Tensions erupt on Kyrgyzstan-Tajikistan border over raising of national flags

BISHKEK (TCA) — Officials say clashes on the border between Kyrgyzstan and Tajikistan have left at least one dead and several more wounded, RFE/RL’s Kyrgyz Service reports.

Gafurjon Juraev, head of the Tojikon quarter of the Vorukh council on the Tajik side of the border told RFE/RL that one local resident had been killed and seven more wounded during the clashes, which erupted on July 22. He said Kyrgyz villagers used hunting guns in the violence, while Tajiks threw stones.

Tensions spilled over when villagers in Tajikistan’s Vorukh exclave in the Ferghana Valley began installing Tajik flags on the Isfara-Vorukh road, which angered Kyrgyz villagers. The road has now been blocked by Kyrgyz residents as troops restore calm.

Kyrgyzstan’s State Border Service has confirmed that five people were injured in the incident.

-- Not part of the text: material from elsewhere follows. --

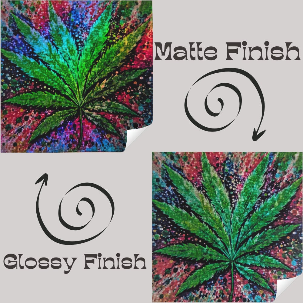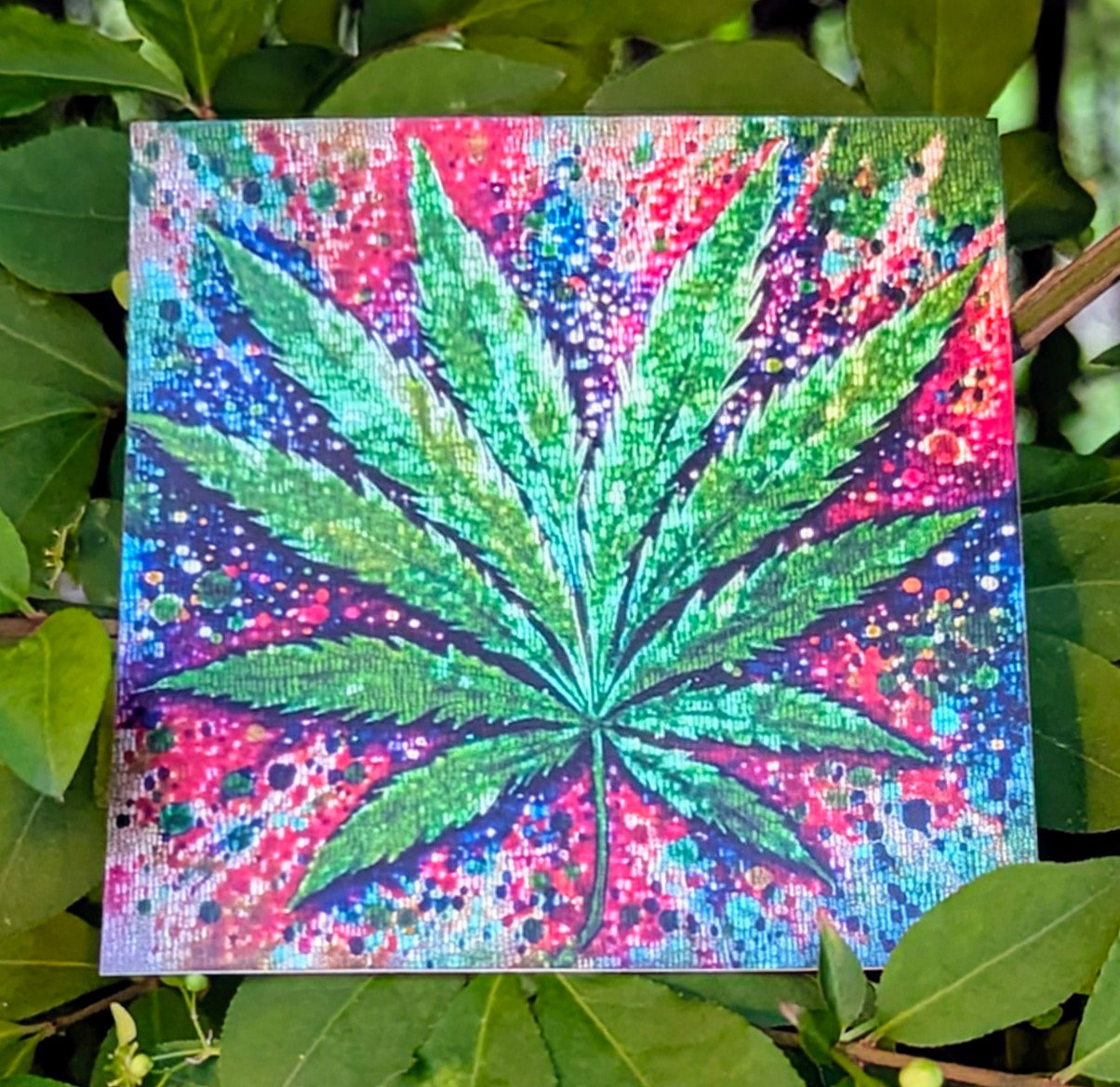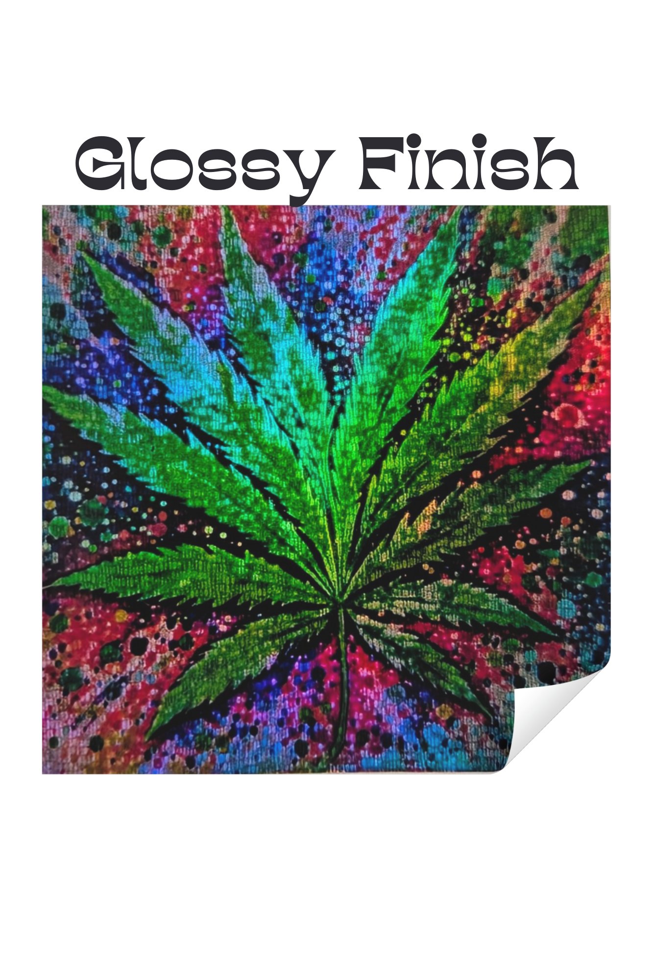 A 420 Cannabis Leaf Holographic Vinyl Sticker. This square 3 inch holographic sticker features a unique cannabis leaf binary code pattern giving it a retro 90's look. It's great for laptops, cell phones, journals, and cups. Stickers are UV sealed, and waterproof. Easy to clean with a damp cloth.

Villagers on both sides of the post-Soviet neighbors’ borders have been hanging flags ahead of visits by the presidents of the two countries to the region.

According to an unconfirmed report, clashes erupted in the village of Khoja A’lo as well.

Many border areas in Central Asian former Soviet republics have been disputed since the collapse of the Soviet Union in 1991.

The situation is particularly complicated near the numerous exclaves in the volatile Ferghana Valley, where the borders of Tajikistan, Uzbekistan, and Kyrgyzstan meet.

Sergey Kwan

TCA

Sergey Kwan has worked for The Times of Central Asia as a journalist, translator and editor since its foundation in March 1999. Prior to this, from 1996-1997, he worked as a translator at The Kyrgyzstan Chronicle, and from 1997-1999, as a translator at The Central Asian Post.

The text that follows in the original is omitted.